Lorsque le producteur Matti Leshem m’a apporté pour la première fois le scénario de Le survivant, j’ai eu une réaction viscérale et j’ai su que je devais faire le film. C’était en partie parce que j’avais connu des membres de ma propre famille qui avaient survécu à l’Holocauste et que j’avais vu ses effets sur leur vie. Mais plus encore parce que j’ai toujours eu un intérêt à raconter les histoires de la grande expérience d’immigration qui a fait de ce pays ce qu’il est : un véritable creuset qui a bénéficié d’une réelle diversité, non seulement d’ethnicité mais de pensée. Le survivant n’est pas tant un film sur l’Holocauste qu’un film post-Holocauste.

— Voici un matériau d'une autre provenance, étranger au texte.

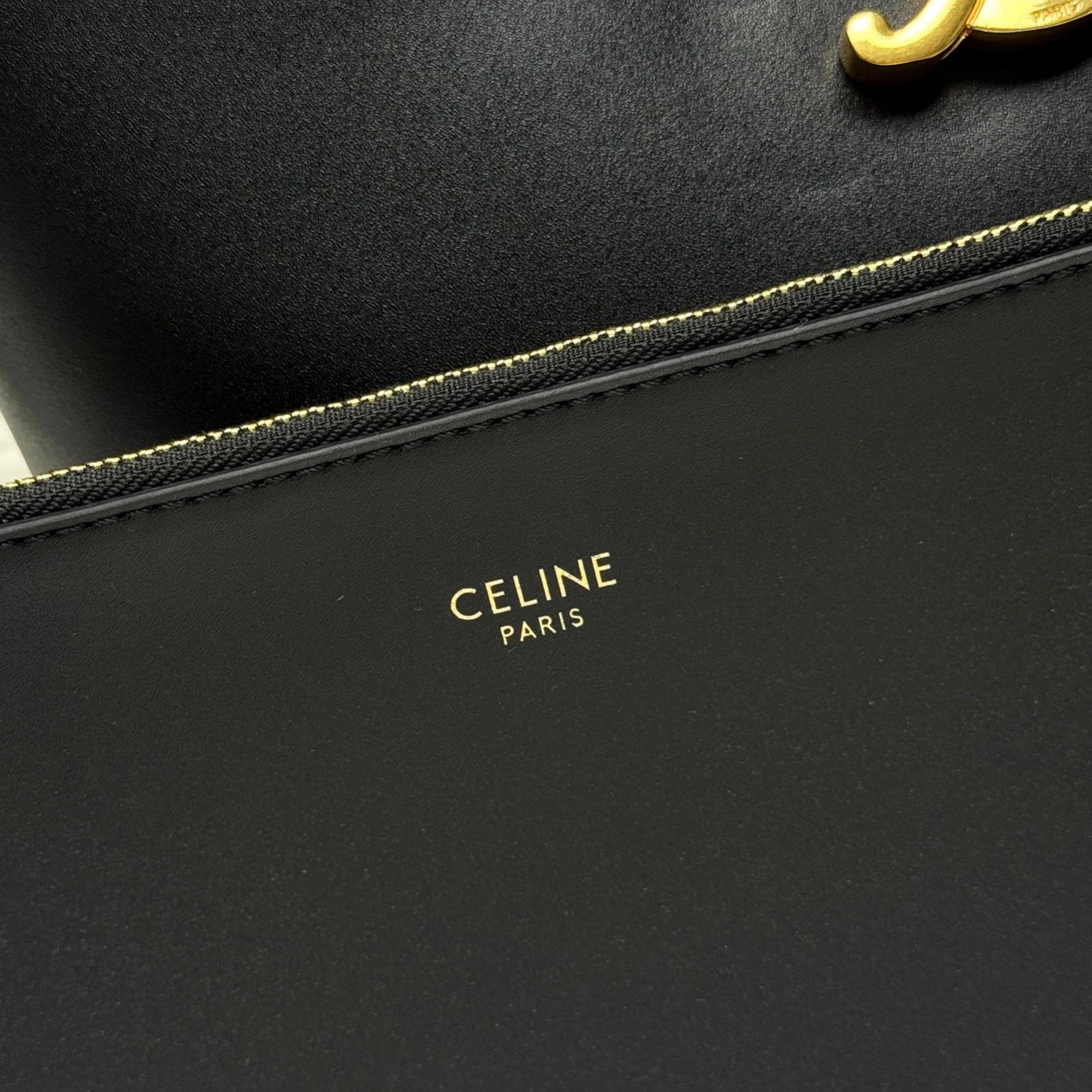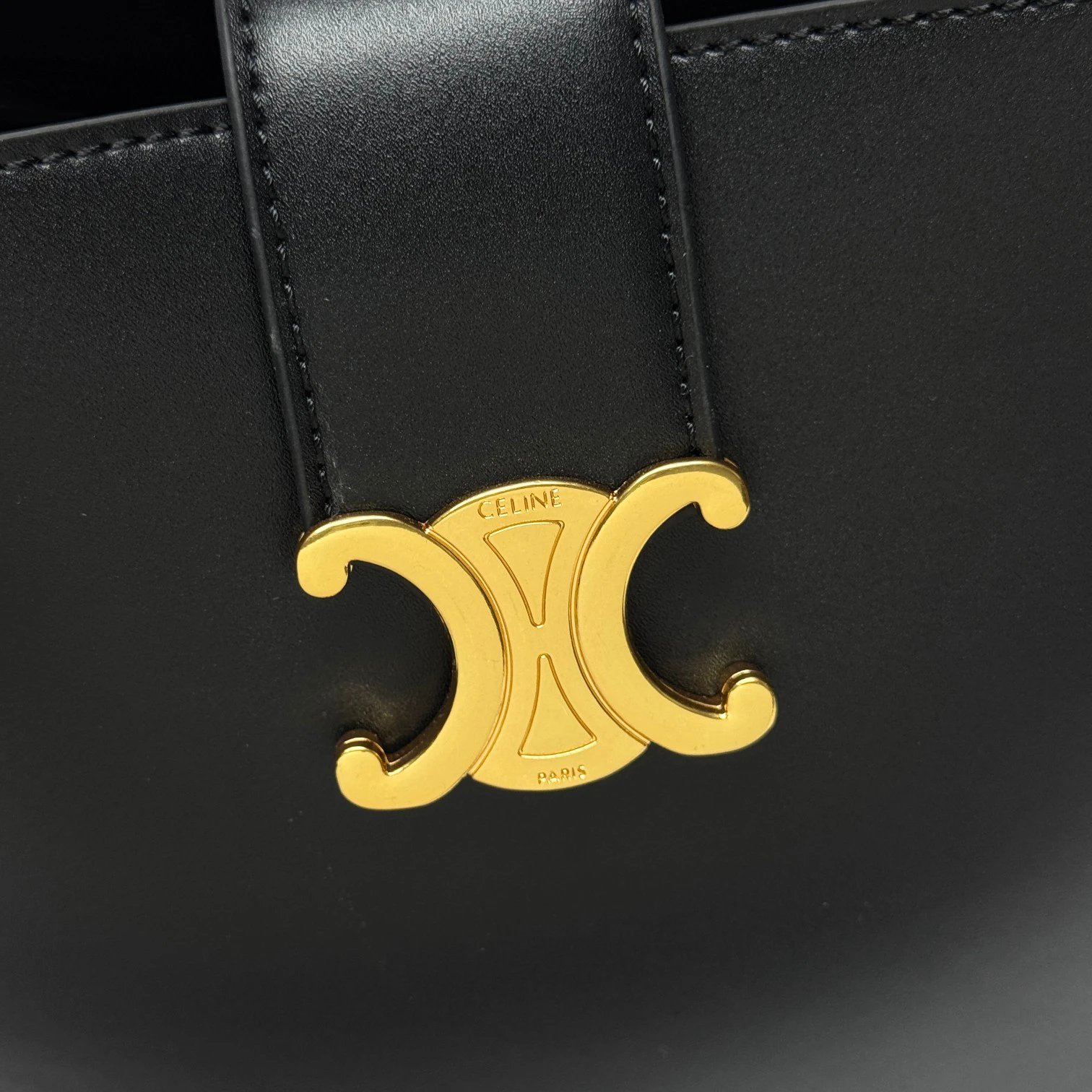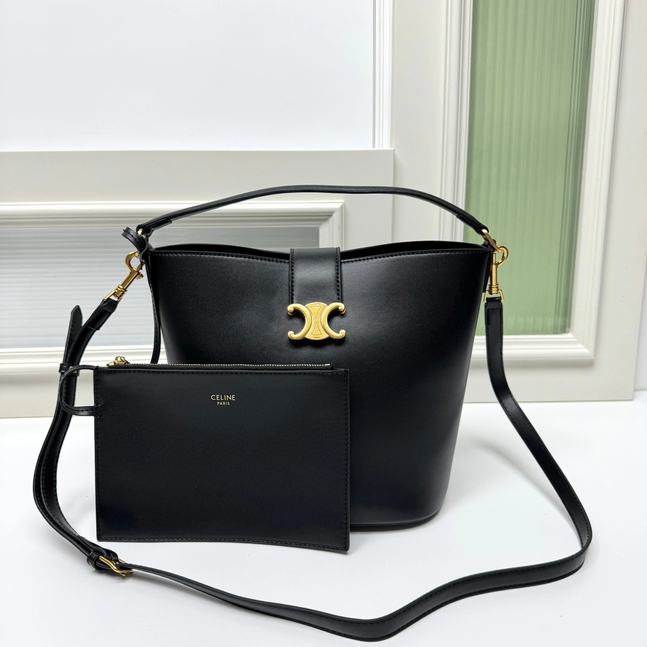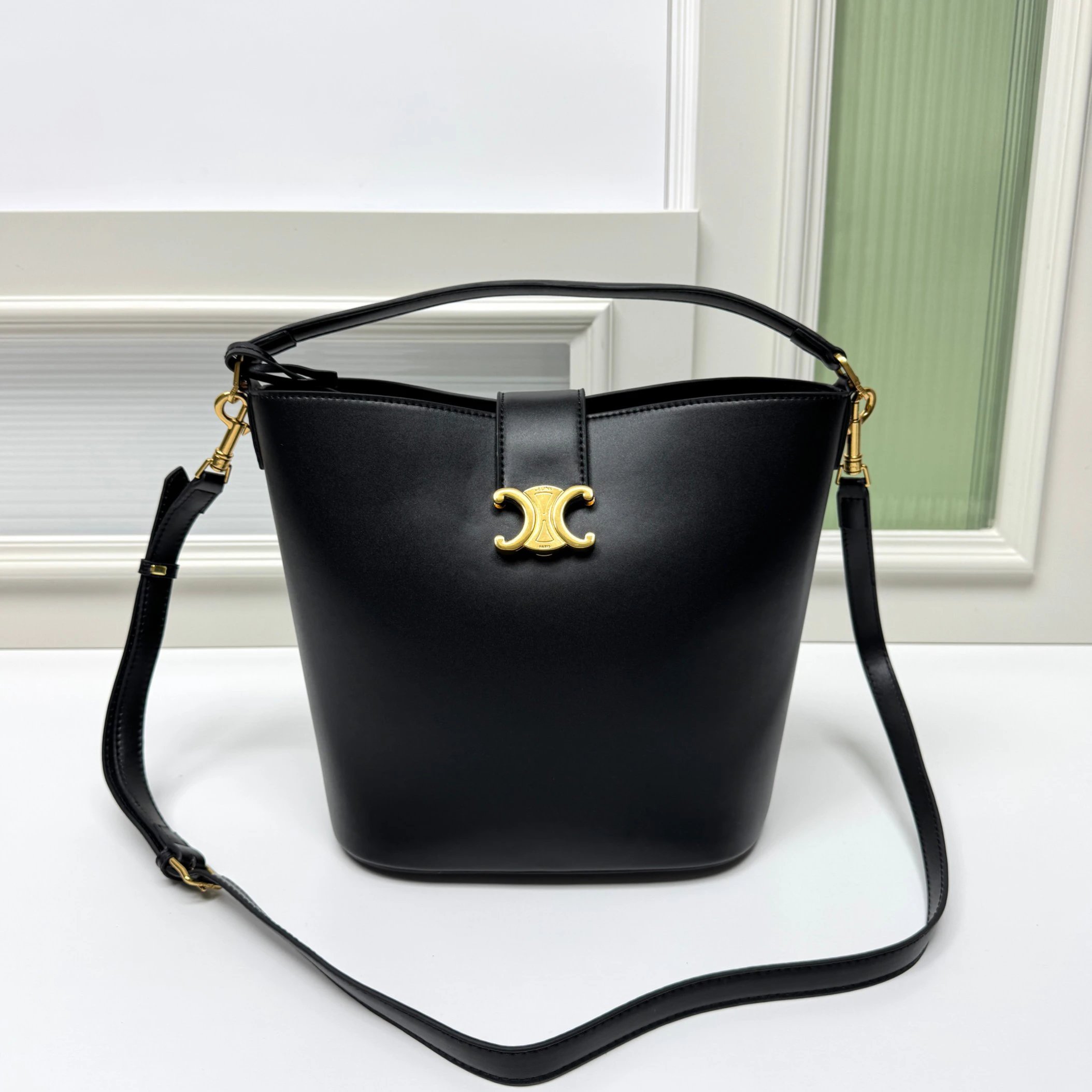 CELINE Louise bucket bag is crafted from glossy fine calfskin, featuring a sleek silhouette with a shiny gold Triomphe logo.

L’histoire vraie de la survie de Harry Haft dans les camps en combattant des matchs à mort répétés de gladiateurs est déchirante, mais ce sont les effets de cette vie alors qu’il émerge du traumatisme sur lequel le film se concentre. L’histoire fondamentale des États-Unis est enracinée dans de grandes vagues d’immigration ; après la Seconde Guerre mondiale, seuls deux pays ont ouvert leurs portes aux réfugiés de manière significative, les États-Unis et le nouvel État d’Israël. Harry aurait pu choisir l’un ou l’autre, mais il avait déjà de la famille aux États-Unis ; parce qu’il a été libéré par des soldats américains, il s’est également senti lié au pays.
Lorsque j’ai entrepris le voyage pour faire ce film, il ne m’est pas venu à l’esprit que je racontais une autre histoire que celle de Harry. En effet, la résonance de Le survivant sonne trop vrai aujourd’hui. Bien qu’il n’y ait jamais d’équivalence morale à faire aux horreurs de l’Holocauste ou de tout autre génocide (on me rappelle que le mot « génocide » a été créé pour décrire cet événement), en regardant autour du monde aujourd’hui, je suis frappé par l’apathie croissante pour la guerre en Ukraine alors qu’elle se poursuit. Une guerre sur le même sol européen où aujourd’hui des dizaines de milliers de civils sont assassinés par un dictateur autocratique. Tout comme l’Amérique a tardé à entrer dans la Seconde Guerre mondiale – il a fallu au président Franklin D. Roosevelt jusqu’en 1942 pour entrer en guerre malgré le fait que l’administration était au courant des atrocités nazies – de la même manière en tant que culture, nous détournons le regard de l’invasion russe et actes d’horreur en nous assurant qu’il suffit d’envoyer de l’argent et des armes. De plus, à l’intérieur de nos frontières, la montée du néonazisme et des actes d’antisémitisme est à son plus haut niveau. Bien sûr, les néo-nazis ne ciblent pas que les Juifs et ont une haine virulente envers les Afro-Américains et toutes les minorités non blanches. Il est difficile d’imaginer des fascistes se rassembler dans nos rues comme ils l’ont fait à Nuremberg, mais bien sûr, c’est exactement ce qui s’est passé à Charlottesville, en Virginie, en 2017.
Nous vivons maintenant dans un monde de méfiance totale. Un monde de méchants. Boucs émissaires. Théories du complot. Où est-ce que tout cela va? Pendant la pré-production, nous avons décidé que nous devions visiter Auschwitz avant le début du tournage. L’élimination systématique de millions de personnes est déchirante, c’est le moins qu’on puisse dire. Alors que nous étions debout au sommet de l’un des crématoires et que nous écoutions notre guide parler, il nous a ramenés au début des années 1930. La montée du parti nazi. La haine envers les Juifs dans leur propagande. Un désir de revenir à un passé plus glorieux. Et les débuts des Juifs perdant leurs droits. Alors que nous nous tenions le long de la route qui menait au crématorium, il a poursuivi : « C’est la route que la haine a construite. Qui savait que cela mènerait ici, et à une telle horreur ? »
Le cri de « Plus jamais ça » visait spécifiquement à nous unir en tant que société autour de la cause commune de ne pas laisser le génocide revenir. En regardant le film que j’ai fait, je me rappelle souvent comment, en tant que société, nous échouons à cela. Les effets du racisme et du fascisme qui mènent à la guerre devraient toujours nous être intolérables.
Cette histoire est apparue pour la première fois dans un numéro d’août du magazine The Hollywood Reporter.